** Opening RECORDS FOR PROCESSING block **
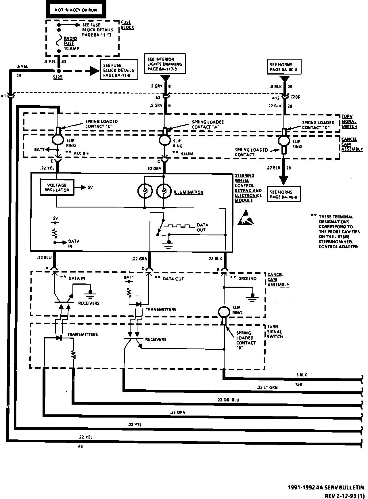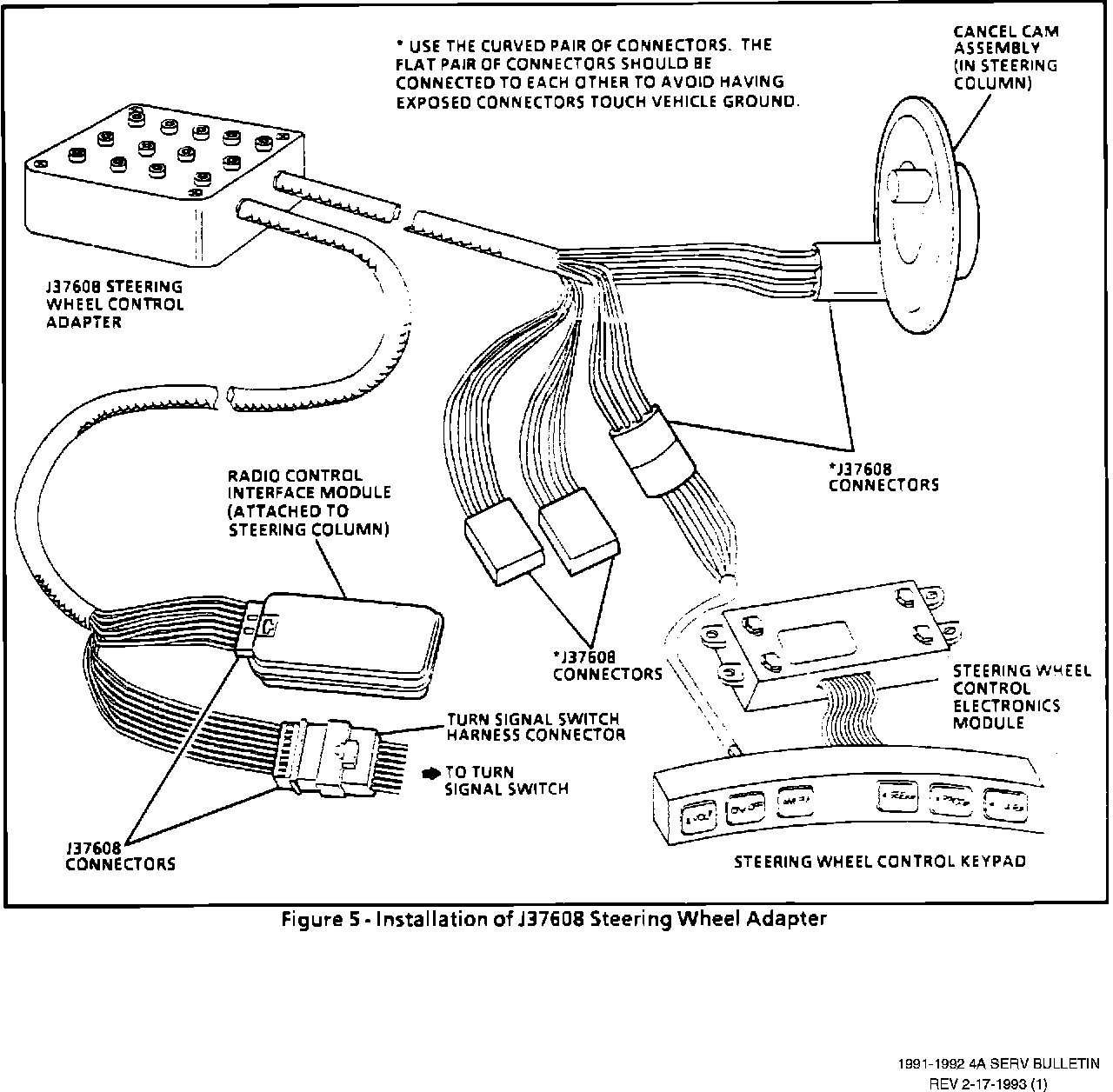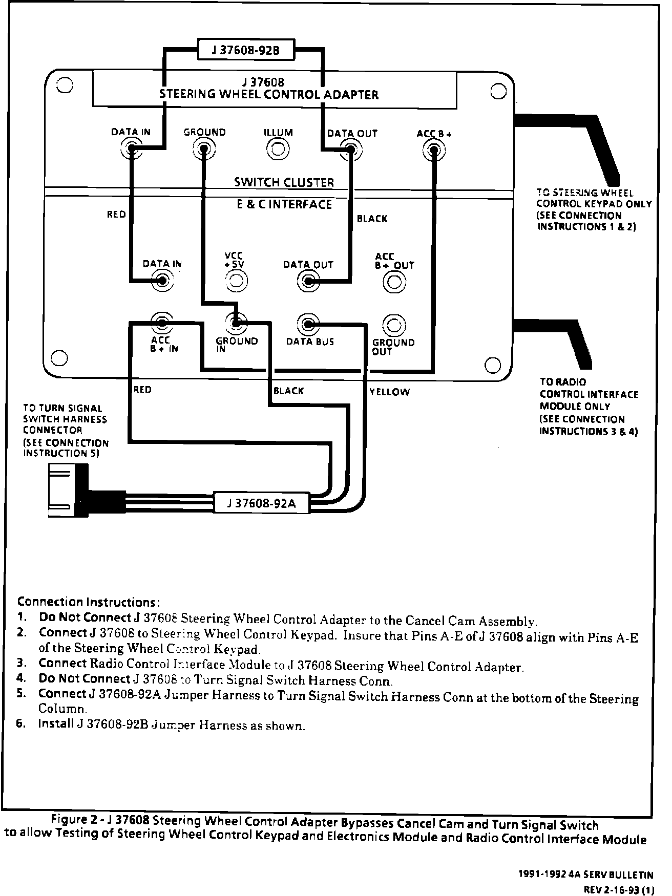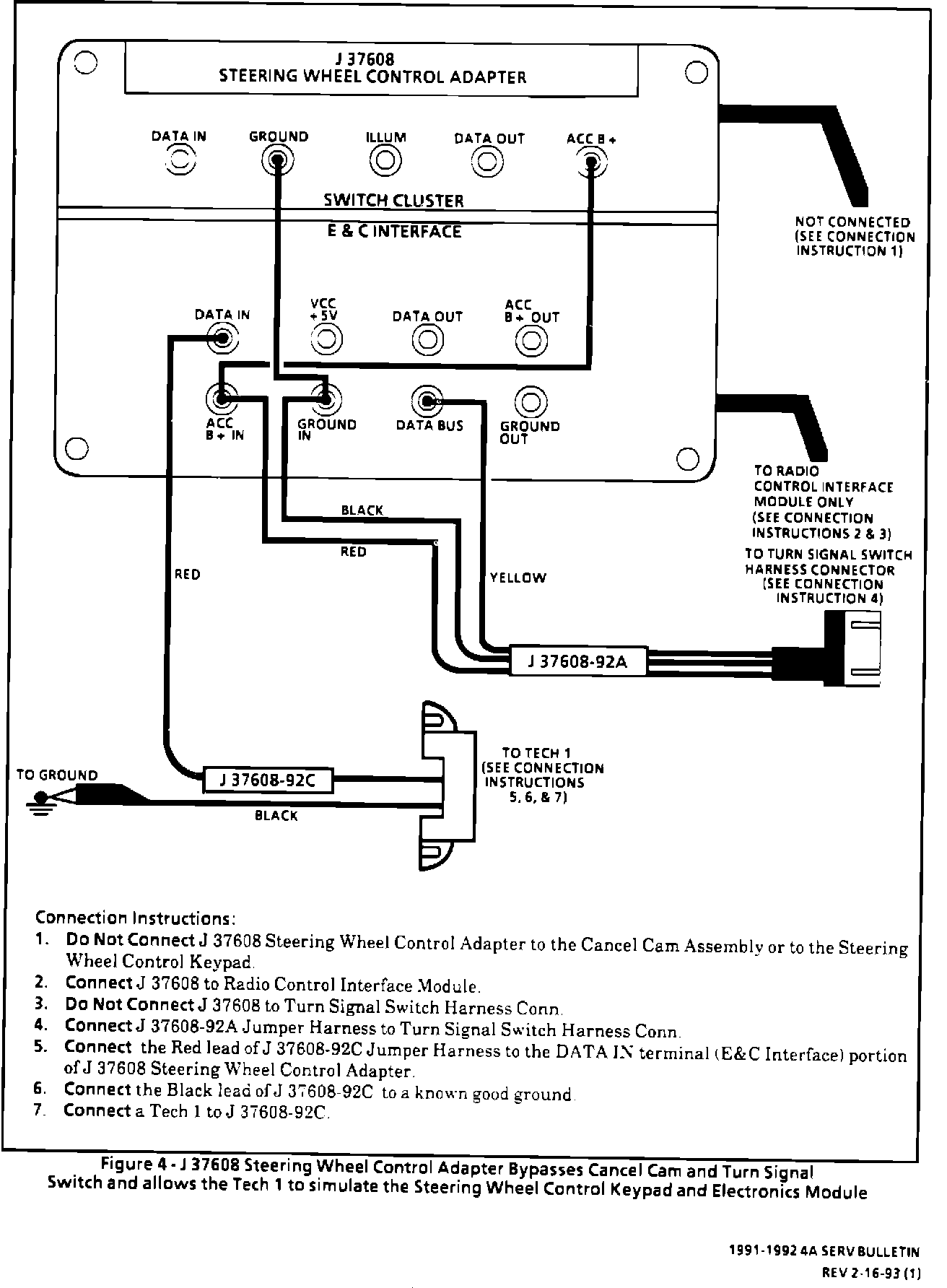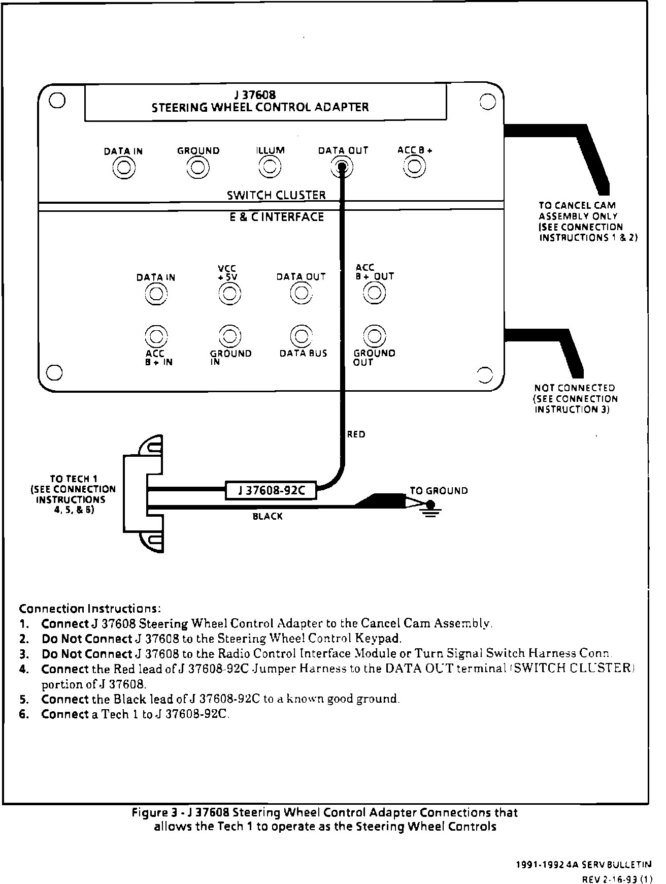 Page 8A-89-12 - Figure 4 J37608 - Tool and Connection to Allow the Tech 1 to Simulate the Steering Wheel Control Keypad and Electronic Module
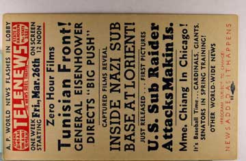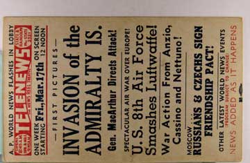 Lot #1021. View Larger | Rotate W.W. II, U.S. Pub., War News Reel Chicago, Theater Adv., “Telenews”, Fri., Mar. 26th VF
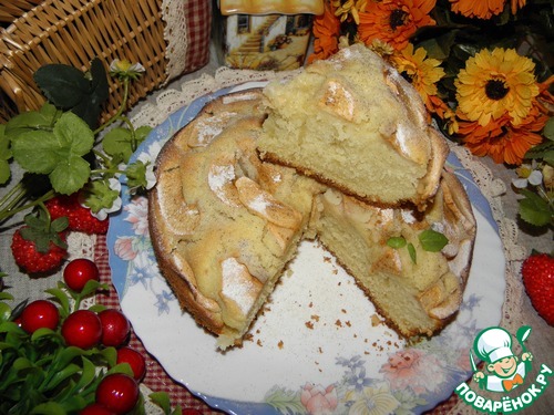 Ну кто бы отказаться смог! Сегодня с фруктами пирог! Воздушный, нежный очень он! Наполнит ароматом дом! Давайте пробовать друзья! К столу на чай зову вас я!
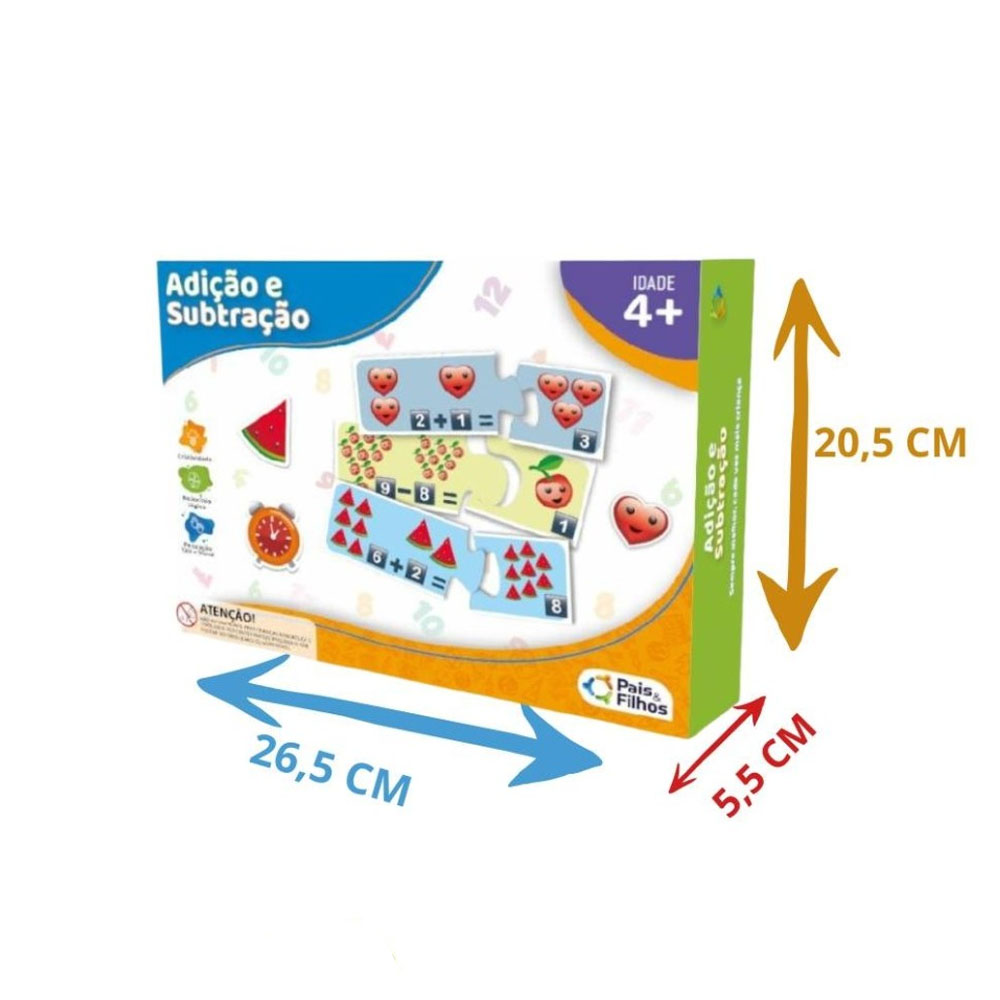 Jogo Educativo Adição e Subtração 72 Peças Pais e Filhos Cada quebra cabeça é formado por duas peças, onde o objetivo é encaixar a operação matemática com o seu resultado correto. Auxilia o aprendizado das operações matemáticas de adição e subtração. A criança aprende matemática brincando! Indicado para crianças a partir de 4 anos. Caixa contendo 72 peças ilustradas. Participantes de 2 a 4 Atenção: Imagem Ilustrativa, cores podem ser diferentes devido a imagem. Não nos responsabilizamos por alteração de embalagem, cores e acessorios sem aviso prévio do fabricante.
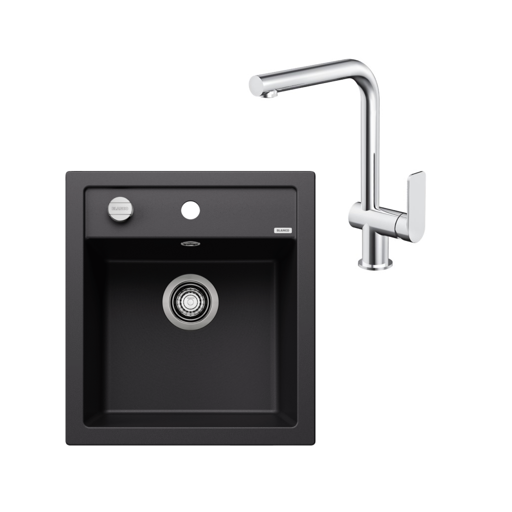 SET081 - Gránitový drez Blanco Dalago 45 čierna + Kuchynská batéria Rosan S2 238201 chróm
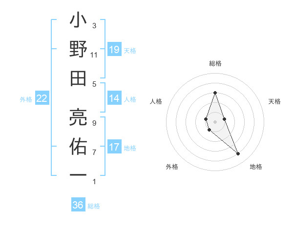 小野田 亮佑一さんを姓名の画数から五運を鑑定
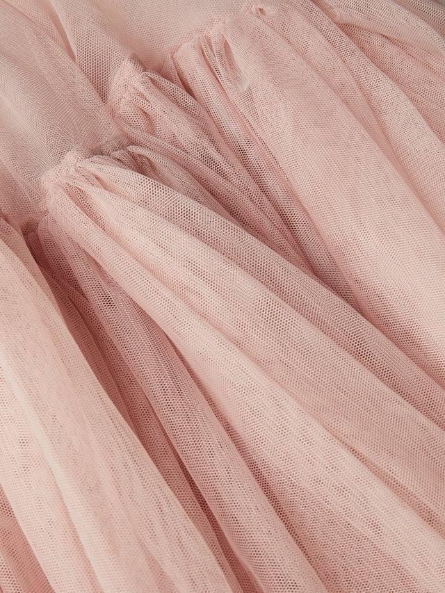 Это платье с воздушным верхним слоем из тюля, асимметричными бретелями, красивыми аппликациями в виде цветов и оборкой по подолу идеально подходит для кружения на танцполе.
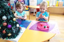 Дети группы «Колобок», с трепетом готовят украшения для главной участницы новогодней сказки – елочки, развивая навыки лепки, рисования и аппликации.
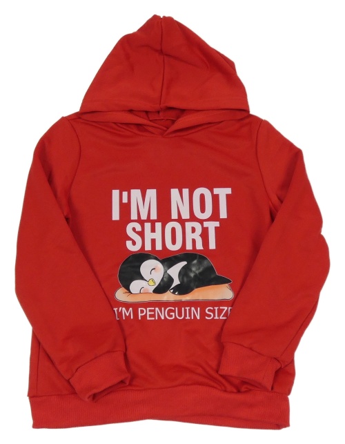 Červená mikina s tučňákem a kapucňou
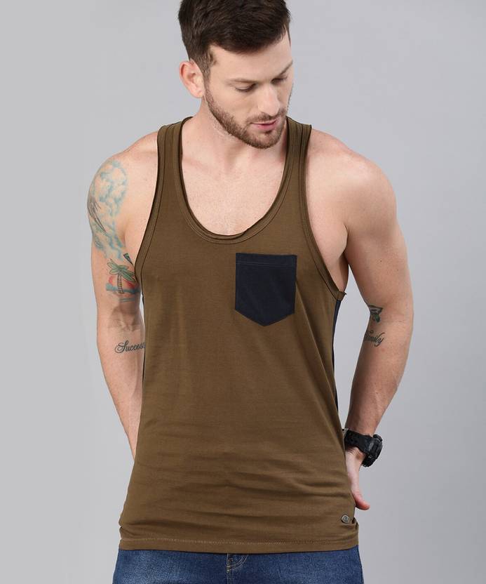 Roadster Solid Men Scoop Neck Brown T-Shirt
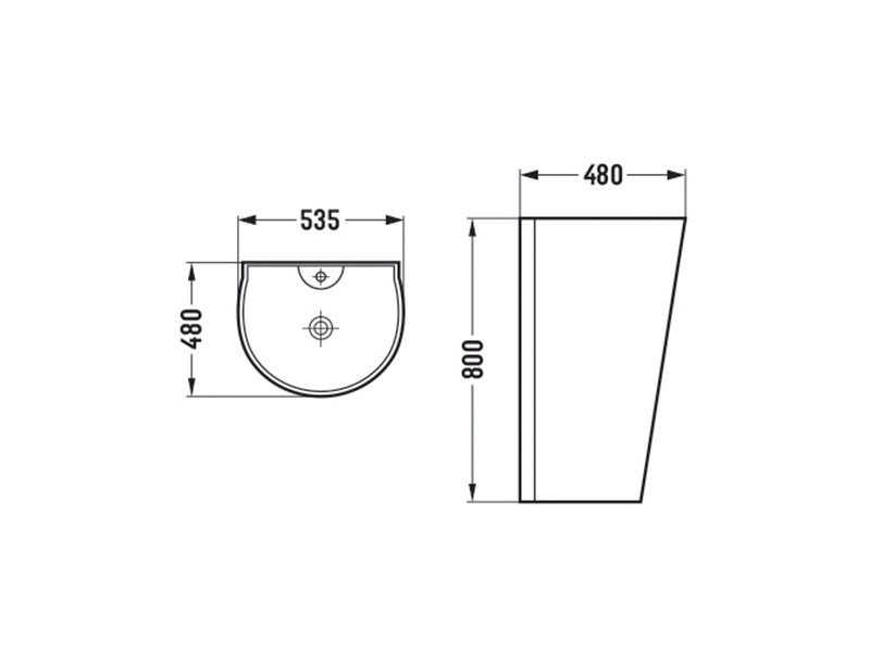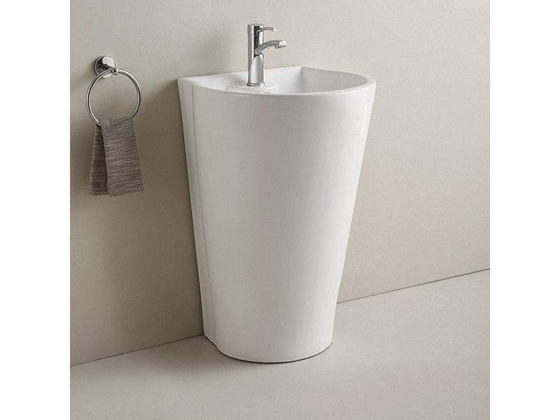 Напольная раковина моноблок позволяет скрыть подведенные коммуникации
** Closing RECORDS FOR PROCESSING block **
Only one thing is required: an exact printout of the lines from the line containing "Červená mikina s tučňákem a kapucňou" through the last line of the records, pictures excluded.

 Červená mikina s tučňákem a kapucňou
 Roadster Solid Men Scoop Neck Brown T-Shirt
 Напольная раковина моноблок позволяет скрыть подведенные коммуникации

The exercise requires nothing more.